А потом отвлеклась от фигуры ловчего, когда вдруг от женского кружка отошла одна из паненок в богатом платье багряного цвета, так красиво облегающем тонкий стан и подчеркивающем высокую грудь. Ксению кольнула мимолетная зависть при виде этого красивого платья и плаща, этих украшений и богатого аграфа на шапке с отделкой из лисьего меха. Она сама давно не носила подобных вещей, только простые суконные или из тонкой шерсти платья, а то и вовсе порой одевалась как Збыня — простую рубаху, юбку да безрукавку. Только рантух Ксения давно сняла с головы, несмотря на все упреки и уговоры Ежи и Эльжбеты. Он слишком ей напоминал то время, когда она носила тяжелый убор московитской боярыни, скрывая свою сущность под одеждами, подавляя себя самое. Теперь она не такая, как прежде, она иная.
А потом сердце остановилось, а уши перестали слышать, словно на Ксению нежданно навалилась глухота, когда паненка подошла к одной из сосен на окраине лесной поляны. Сначала Ксения не узнала шляхтича, которого прежде не заметила на поляне и к которому и приблизилась пани в платье цвета багрянца. Он держался в стороне от всех, стоял, прислонившись плечом к стволу сосны и задумчиво рассматривал собравшихся на поляне. А может, и не рассматривал — вон как пристален взгляд. Так смотрят и не видят, погружаясь целиком в свои мысли.
Владислав! Ксении даже показалось, что она крикнула это в голос, едва увидела его там, у сосны. Сдавило в груди, словно кто-то ударил, лишая дыхания. Голова закружилась на миг. Владислав!

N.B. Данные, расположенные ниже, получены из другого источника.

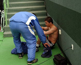 【55kg級 田岡秀規(自衛隊)】 準決勝 ●[1−2(0-1,6-2,0-2)] Dilshod Mansurov(ウズベキスタン) 試合直後のマンスロフは壁にもたれて立ち上がれない。 これだけバテていても、最後の勝負どころで力を出した。これぞ世界王者の強さ!
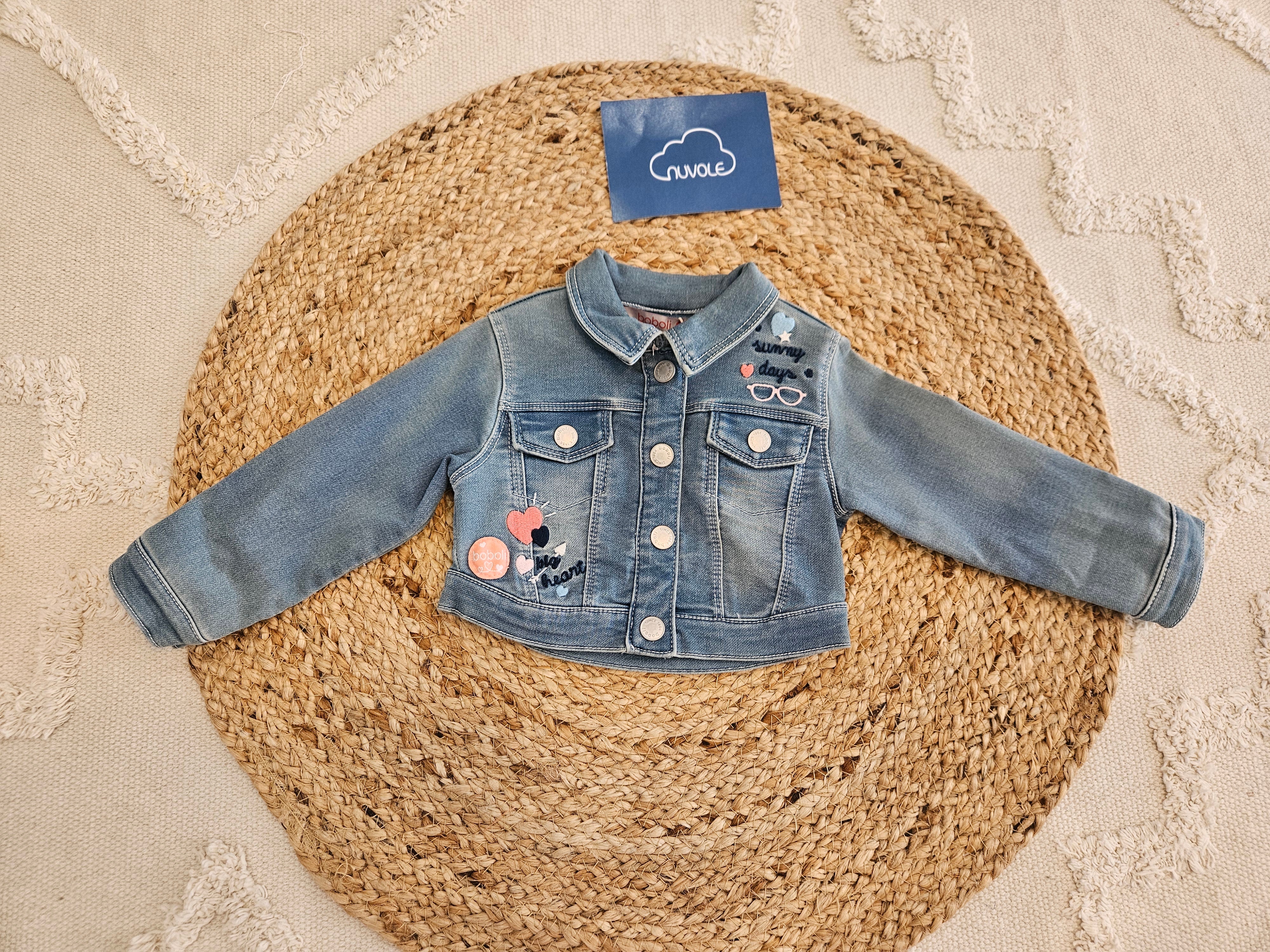 Giacca in denim per bambina versatile con decorazione in pizzo sul retro. Il collo è rotondo e le maniche sono lunghe, ideali per la primavera. Il tessuto è in maglia, che offre comfort e durata. Il colore è blu scuro. La chiusura è con bottoni a pressione, facile da usare per i piccoli. Questa giacca è un capo essenziale per il guardaroba di ogni bambina.

Это действительно был он. Высокий и статный, он совсем не изменился ни фигурой, ни лицом за эти годы. Словно и не было их. Только наметилась над верхней губой полоска тонких коротких усов, будто Владислав никак не мог решиться — оставить те или убрать. Да и взгляд стал иной — тяжелее, темнее. Такой взгляд с головой выдавал, что промелькнувшие месяцы и годы приносили больше горестей, чем счастья. И именно этот взгляд — холодный и отстраненный — так пугал Ксению прежде.
Владислав, моя лада, мое сердце, мой коханый… Сердце билось в груди, как бешеное, а тело стала бить мелкой дрожью. Пальцы вдруг вспомнили, какова на ощупь его кожа — такая мягкая и в то же время такая жесткая от темнеющей щетины. Как же Ксении хотелось коснуться его сейчас! Вдруг вспомнился другой лес и другие сосны вокруг. Посиневшие от сока ягод черники губы, что только недавно терзали ее рот. Темные глаза, горящие огнем страсти, которая кружила обоих в своем ослепляющем вихре. Заныло в животе при этих воспоминаниях, стало жарко при мысли о том, что тогда происходило у сосны в лесу Московии.
Владислава действительно погладили по щеке, а потом игриво пробежались пальчиками по его шее. Это сделала именно та пани в платье цвета багрянца, которой недавно так завидовала Ксения. А когда Владислав не отстранился, как ожидала Ксения, а наоборот подался навстречу этой женщине, обнял ее за талию, прижал к сосне спиной, у которой стоял, то и вовсе вспыхнуло груди обжигающее пламя ненависти, туманящее разум, застилающее глаза красной пеленой ярости.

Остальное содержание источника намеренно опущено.